**AIM OF THE EXERCISE:**
From the line with "Compact INS630 ist" to the line with "Qualquer instrumento, canto, e", output every line below exactly, both ends included. Skip the pictures.

**SUPPLIED RECORDS:**
# # # #
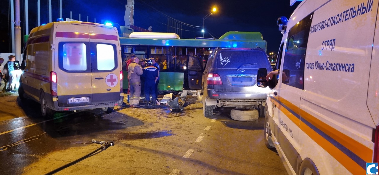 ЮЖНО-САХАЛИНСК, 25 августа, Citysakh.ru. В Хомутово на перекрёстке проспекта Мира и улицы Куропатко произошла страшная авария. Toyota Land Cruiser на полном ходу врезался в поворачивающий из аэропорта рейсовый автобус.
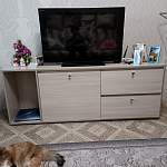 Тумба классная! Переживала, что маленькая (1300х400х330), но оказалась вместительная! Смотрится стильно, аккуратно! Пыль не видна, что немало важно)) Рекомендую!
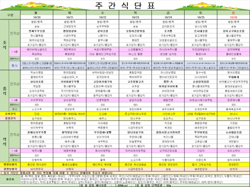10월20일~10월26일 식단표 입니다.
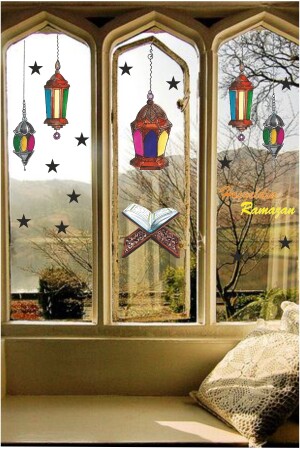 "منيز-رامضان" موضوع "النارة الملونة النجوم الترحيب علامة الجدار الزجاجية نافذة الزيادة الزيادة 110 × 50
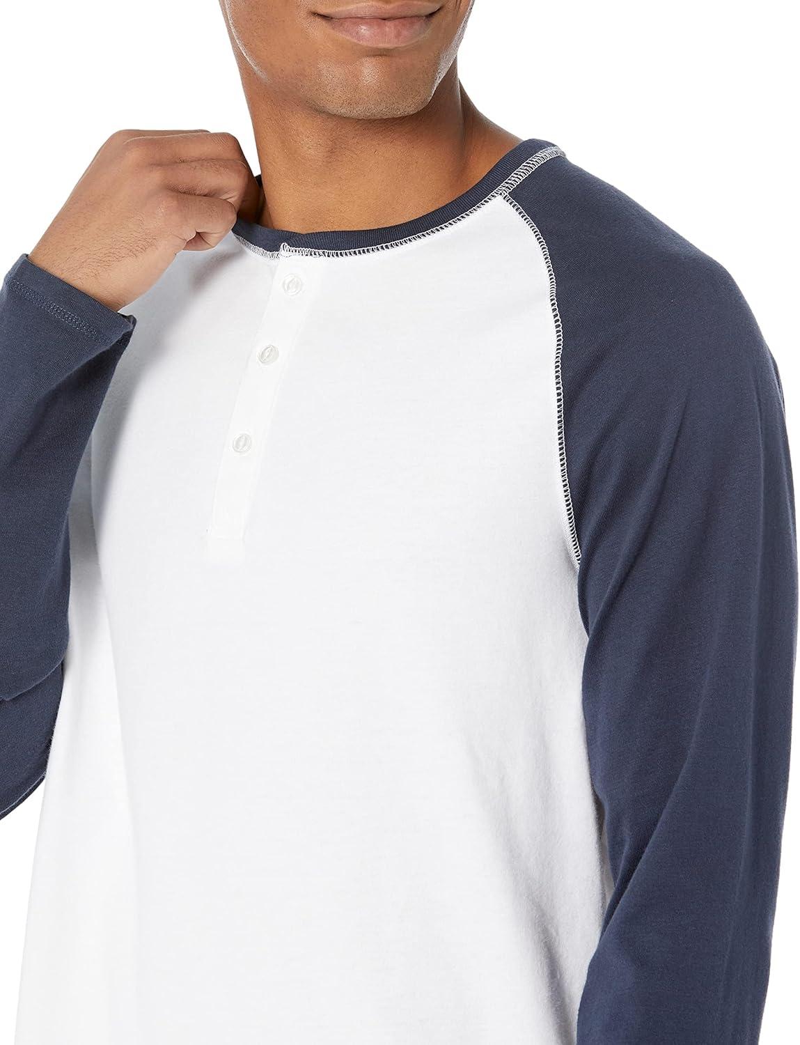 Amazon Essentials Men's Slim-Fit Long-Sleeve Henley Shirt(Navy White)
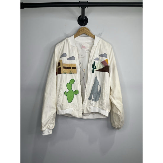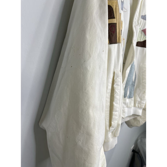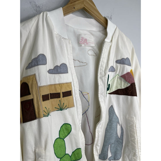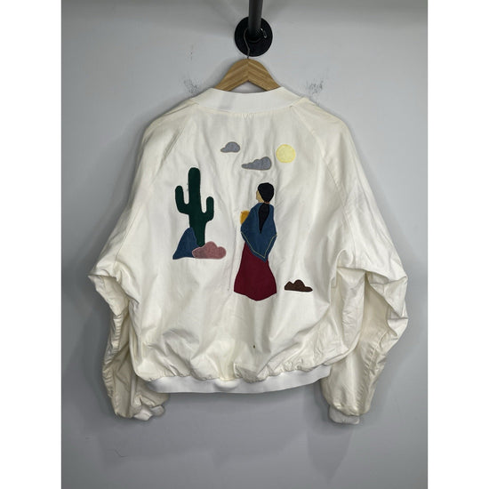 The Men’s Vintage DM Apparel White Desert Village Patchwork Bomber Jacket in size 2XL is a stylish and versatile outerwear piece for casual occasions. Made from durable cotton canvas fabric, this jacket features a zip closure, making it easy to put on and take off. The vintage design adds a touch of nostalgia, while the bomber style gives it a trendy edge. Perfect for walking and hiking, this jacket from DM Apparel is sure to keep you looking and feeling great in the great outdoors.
# # # #
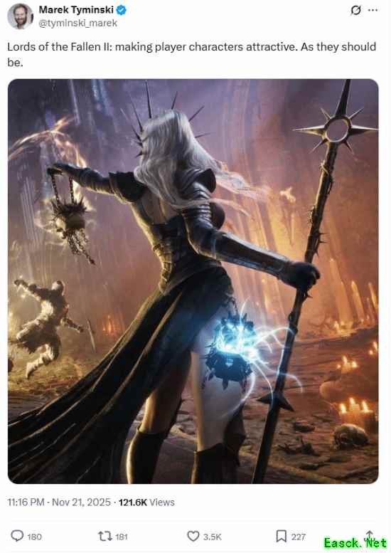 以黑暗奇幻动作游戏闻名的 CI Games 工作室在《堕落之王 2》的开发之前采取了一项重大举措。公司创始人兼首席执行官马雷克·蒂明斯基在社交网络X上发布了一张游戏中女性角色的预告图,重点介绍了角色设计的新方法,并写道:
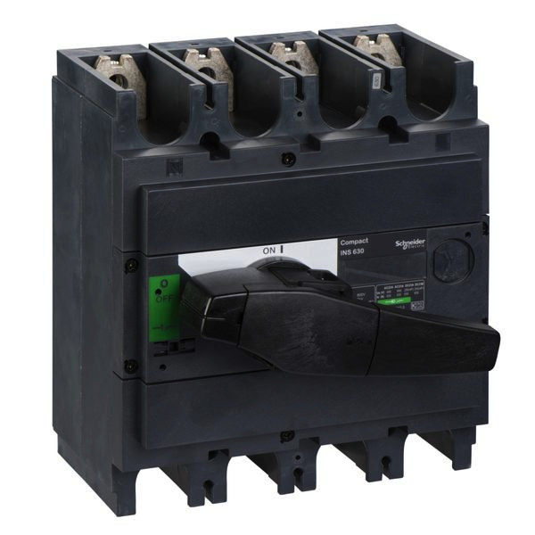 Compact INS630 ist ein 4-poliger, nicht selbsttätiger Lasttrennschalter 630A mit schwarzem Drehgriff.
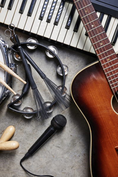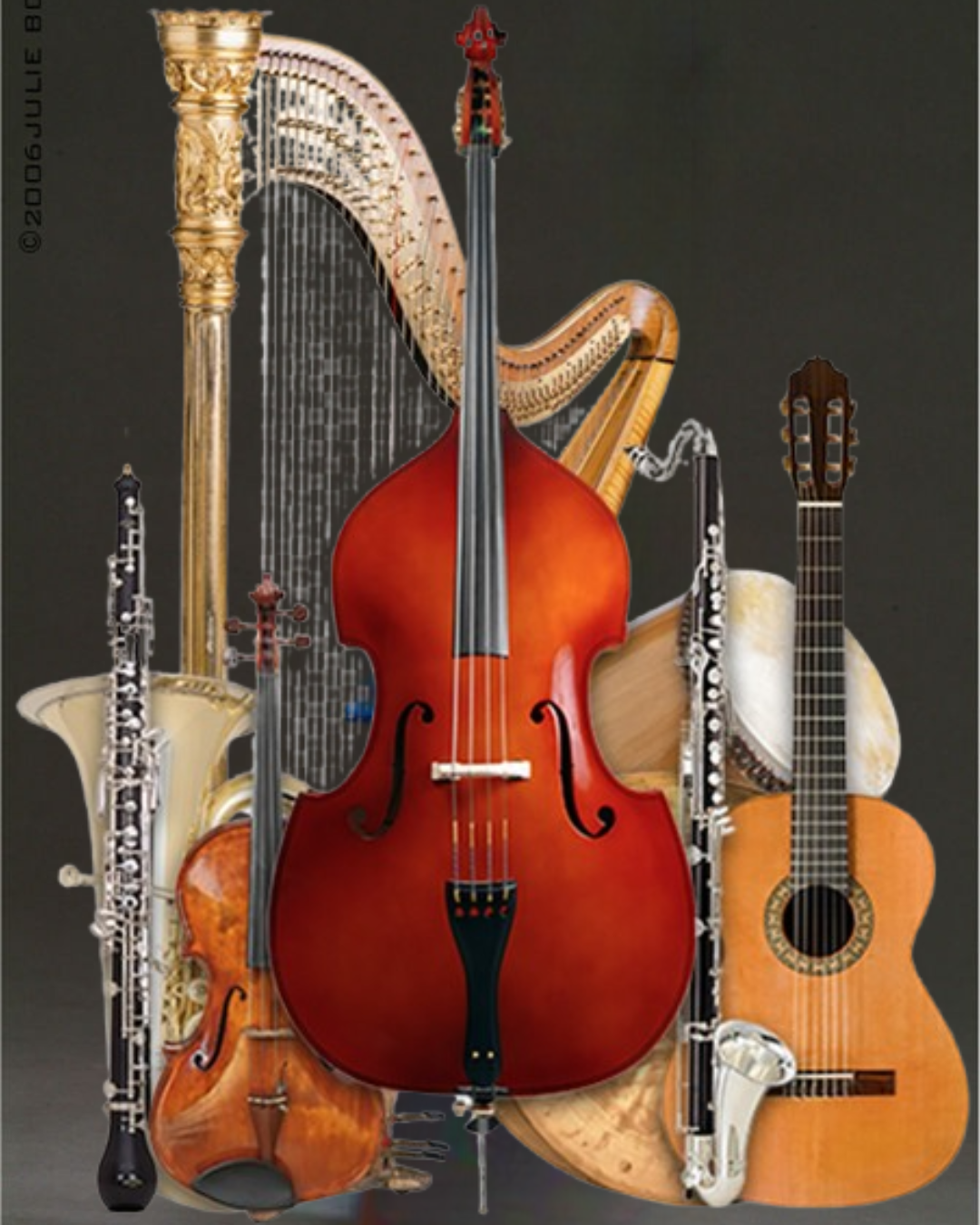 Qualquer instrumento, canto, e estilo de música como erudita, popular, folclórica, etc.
# # # #
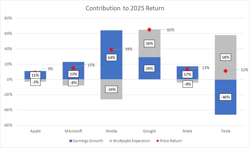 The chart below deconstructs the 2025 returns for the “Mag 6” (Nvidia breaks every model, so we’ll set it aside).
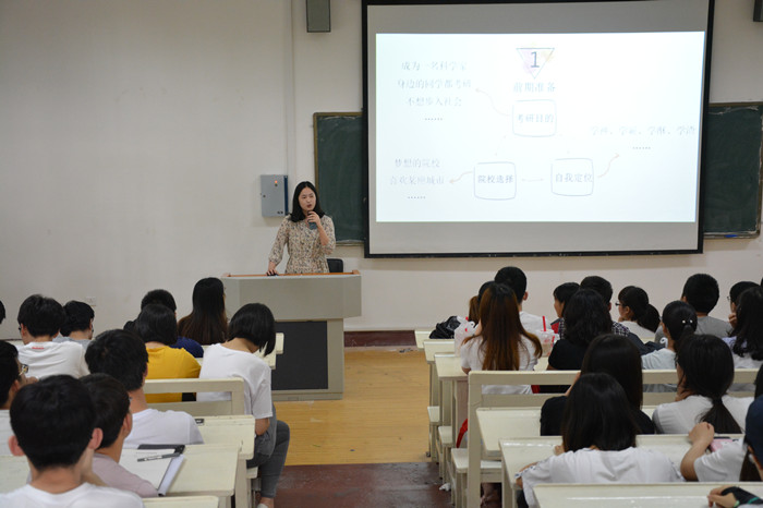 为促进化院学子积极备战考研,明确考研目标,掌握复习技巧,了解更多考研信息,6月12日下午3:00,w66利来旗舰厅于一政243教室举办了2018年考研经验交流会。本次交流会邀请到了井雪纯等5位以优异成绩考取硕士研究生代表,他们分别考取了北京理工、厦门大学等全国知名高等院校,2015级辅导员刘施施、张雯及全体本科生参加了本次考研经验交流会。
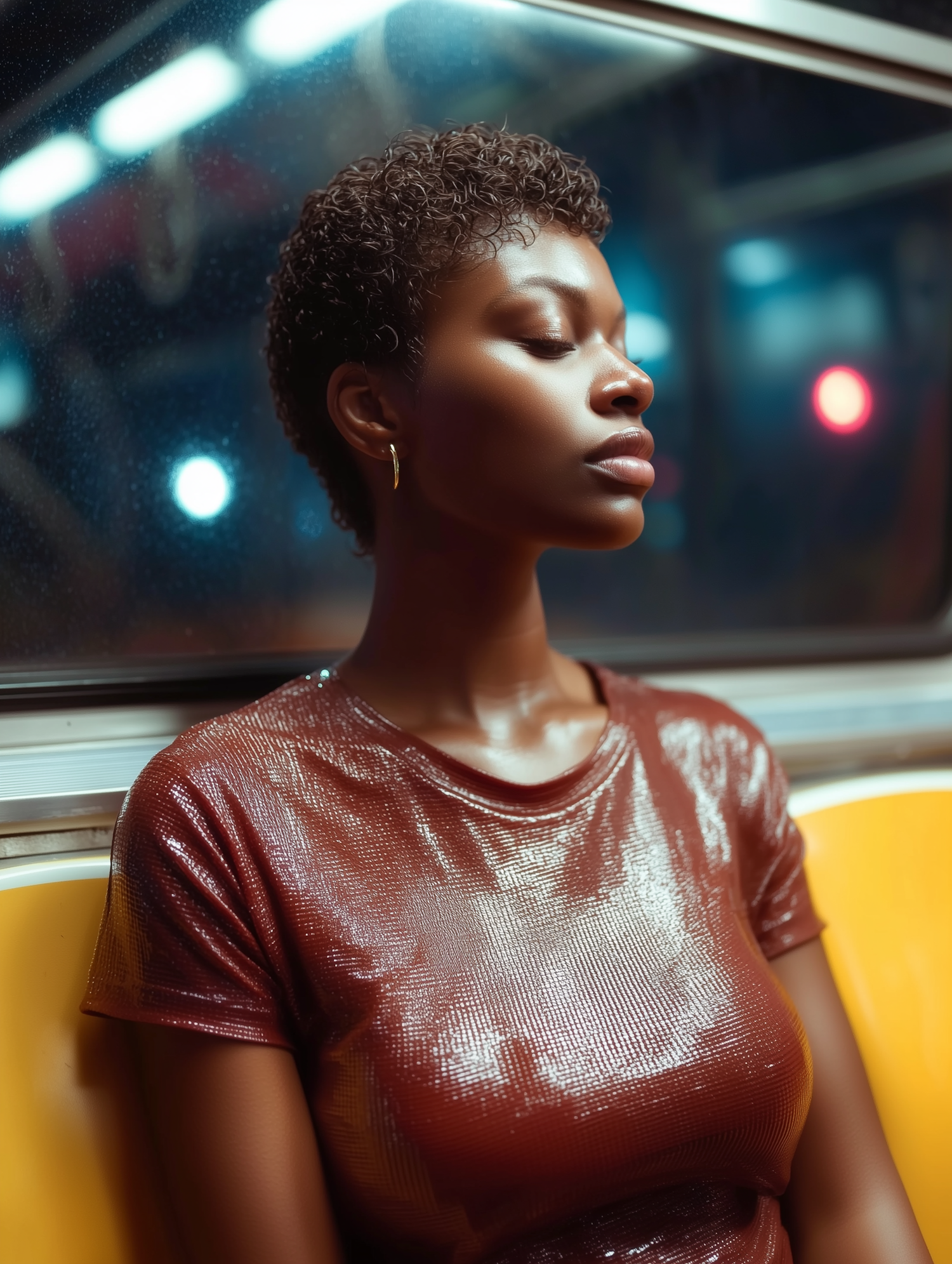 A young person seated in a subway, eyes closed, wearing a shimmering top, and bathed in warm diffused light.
# # # #
**RESPONSE TO THIS EXERCISE:**
 Compact INS630 ist ein 4-poliger, nicht selbsttätiger Lasttrennschalter 630A mit schwarzem Drehgriff.
 Qualquer instrumento, canto, e estilo de música como erudita, popular, folclórica, etc.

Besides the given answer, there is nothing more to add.